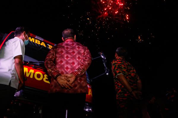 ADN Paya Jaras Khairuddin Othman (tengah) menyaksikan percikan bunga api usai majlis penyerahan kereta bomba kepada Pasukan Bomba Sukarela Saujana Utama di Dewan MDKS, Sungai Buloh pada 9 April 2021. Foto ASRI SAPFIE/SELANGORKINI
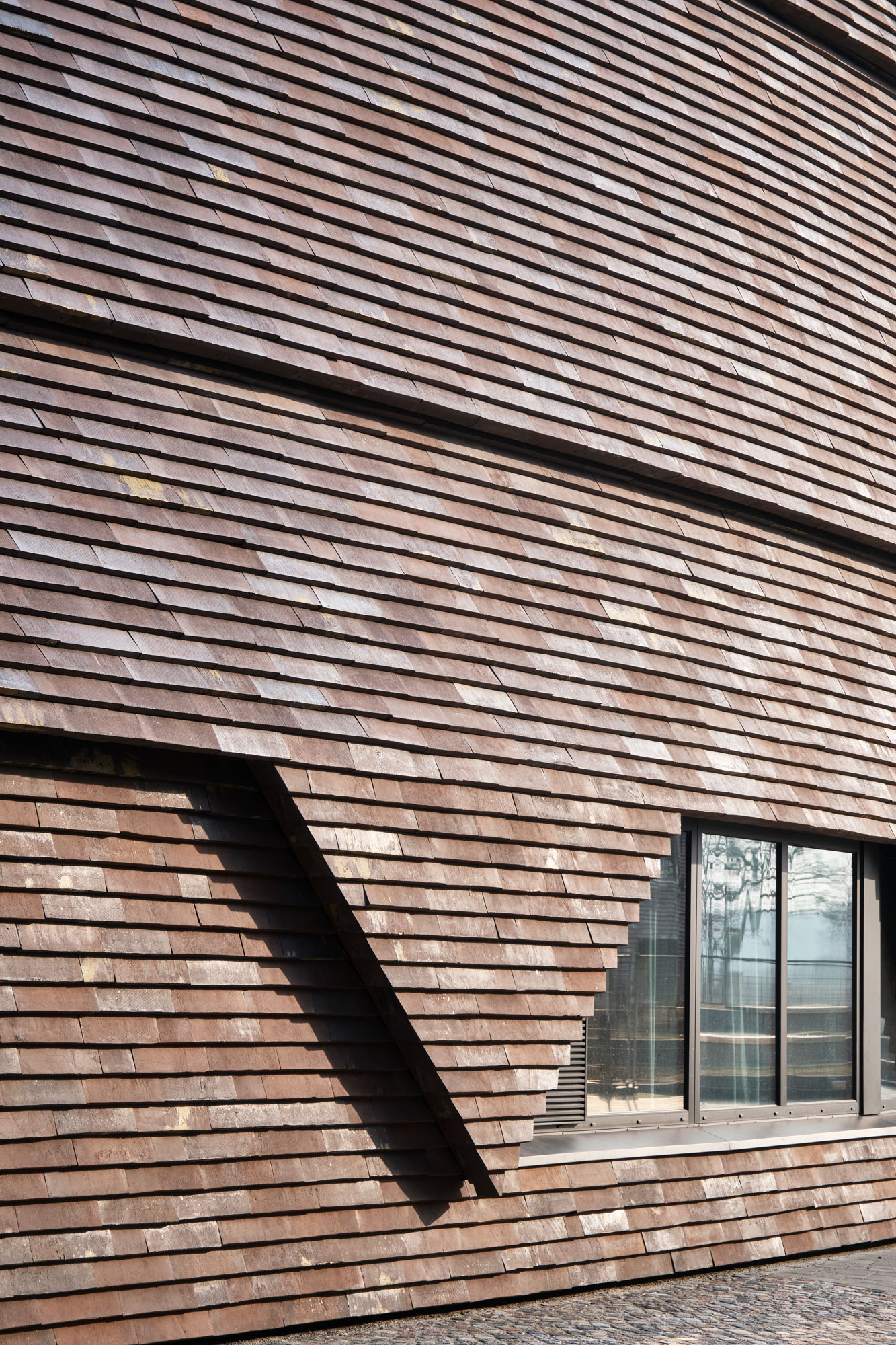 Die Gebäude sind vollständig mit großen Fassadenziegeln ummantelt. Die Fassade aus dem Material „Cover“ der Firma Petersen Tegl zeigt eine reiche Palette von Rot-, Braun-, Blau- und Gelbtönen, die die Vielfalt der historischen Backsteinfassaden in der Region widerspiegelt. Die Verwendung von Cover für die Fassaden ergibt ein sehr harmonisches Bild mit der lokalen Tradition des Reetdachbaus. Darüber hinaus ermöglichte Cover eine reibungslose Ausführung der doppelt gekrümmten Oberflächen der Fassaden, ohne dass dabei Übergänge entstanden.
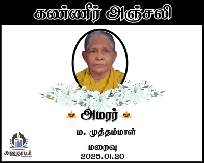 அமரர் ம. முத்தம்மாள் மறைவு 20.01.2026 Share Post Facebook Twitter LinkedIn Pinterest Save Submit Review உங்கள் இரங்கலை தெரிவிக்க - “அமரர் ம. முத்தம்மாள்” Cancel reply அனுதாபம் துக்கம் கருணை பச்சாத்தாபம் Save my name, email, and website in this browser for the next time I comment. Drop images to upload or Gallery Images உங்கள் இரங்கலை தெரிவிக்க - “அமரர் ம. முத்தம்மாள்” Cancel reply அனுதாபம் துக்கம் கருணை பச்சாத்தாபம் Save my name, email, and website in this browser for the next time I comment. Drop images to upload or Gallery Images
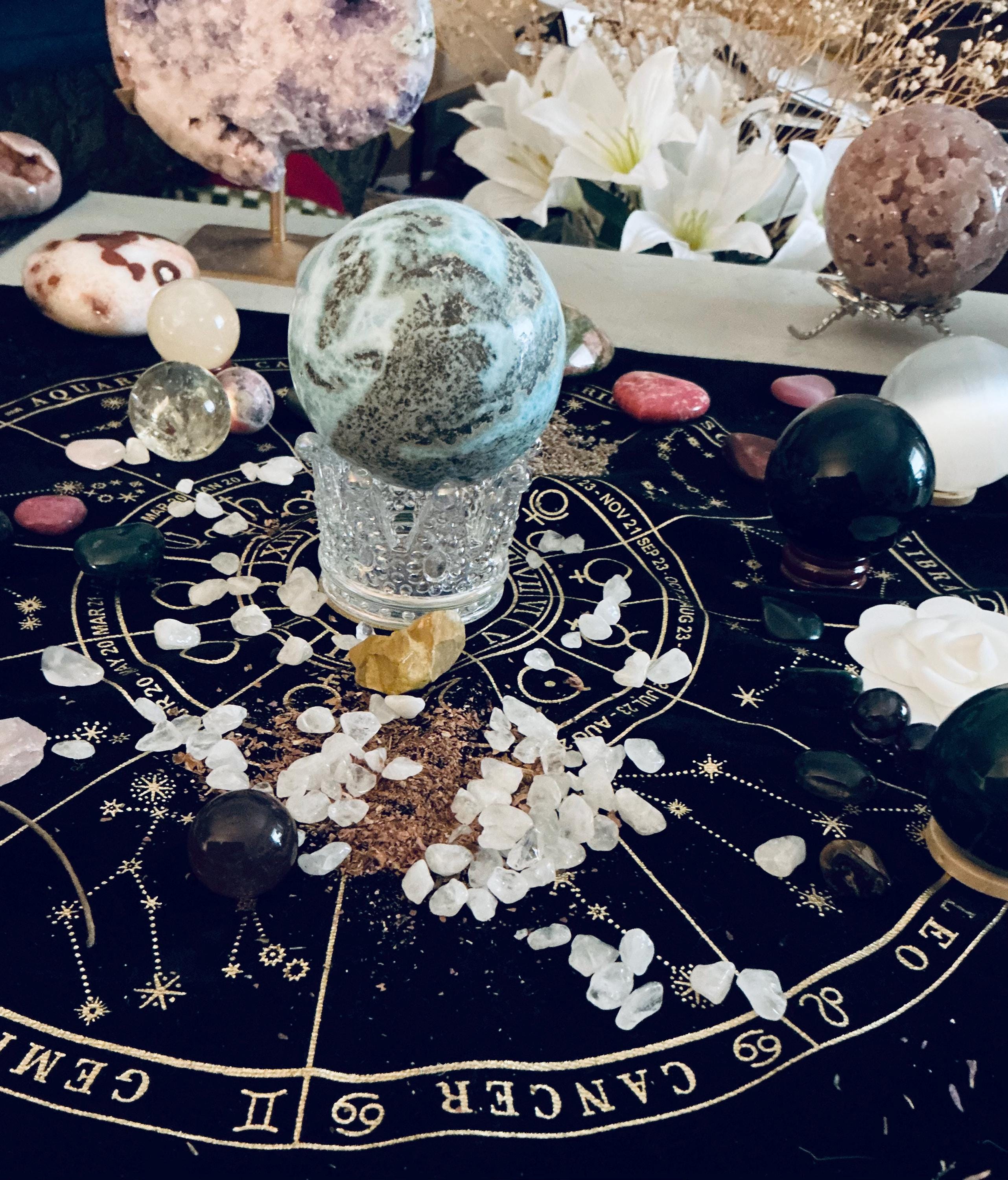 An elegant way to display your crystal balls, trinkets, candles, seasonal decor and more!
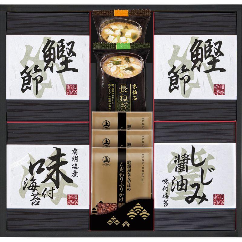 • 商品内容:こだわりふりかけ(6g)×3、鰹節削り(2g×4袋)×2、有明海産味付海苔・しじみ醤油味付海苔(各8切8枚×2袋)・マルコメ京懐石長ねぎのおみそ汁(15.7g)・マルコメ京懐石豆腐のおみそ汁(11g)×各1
= = = =
*PROBLEM DETAILS:* Nothing but the lines from the one containing "அமரர் ம. முத்தம்மாள் மறைவு" through the end of the listing is to be output, and those lines are to be output exactly, pictures excluded.

*SOLUTION FOR THIS PROBLEM:*
 அமரர் ம. முத்தம்மாள் மறைவு 20.01.2026 Share Post Facebook Twitter LinkedIn Pinterest Save Submit Review உங்கள் இரங்கலை தெரிவிக்க - “அமரர் ம. முத்தம்மாள்” Cancel reply அனுதாபம் துக்கம் கருணை பச்சாத்தாபம் Save my name, email, and website in this browser for the next time I comment. Drop images to upload or Gallery Images உங்கள் இரங்கலை தெரிவிக்க - “அமரர் ம. முத்தம்மாள்” Cancel reply அனுதாபம் துக்கம் கருணை பச்சாத்தாபம் Save my name, email, and website in this browser for the next time I comment. Drop images to upload or Gallery Images
 An elegant way to display your crystal balls, trinkets, candles, seasonal decor and more!
 • 商品内容:こだわりふりかけ(6g)×3、鰹節削り(2g×4袋)×2、有明海産味付海苔・しじみ醤油味付海苔(各8切8枚×2袋)・マルコメ京懐石長ねぎのおみそ汁(15.7g)・マルコメ京懐石豆腐のおみそ汁(11g)×各1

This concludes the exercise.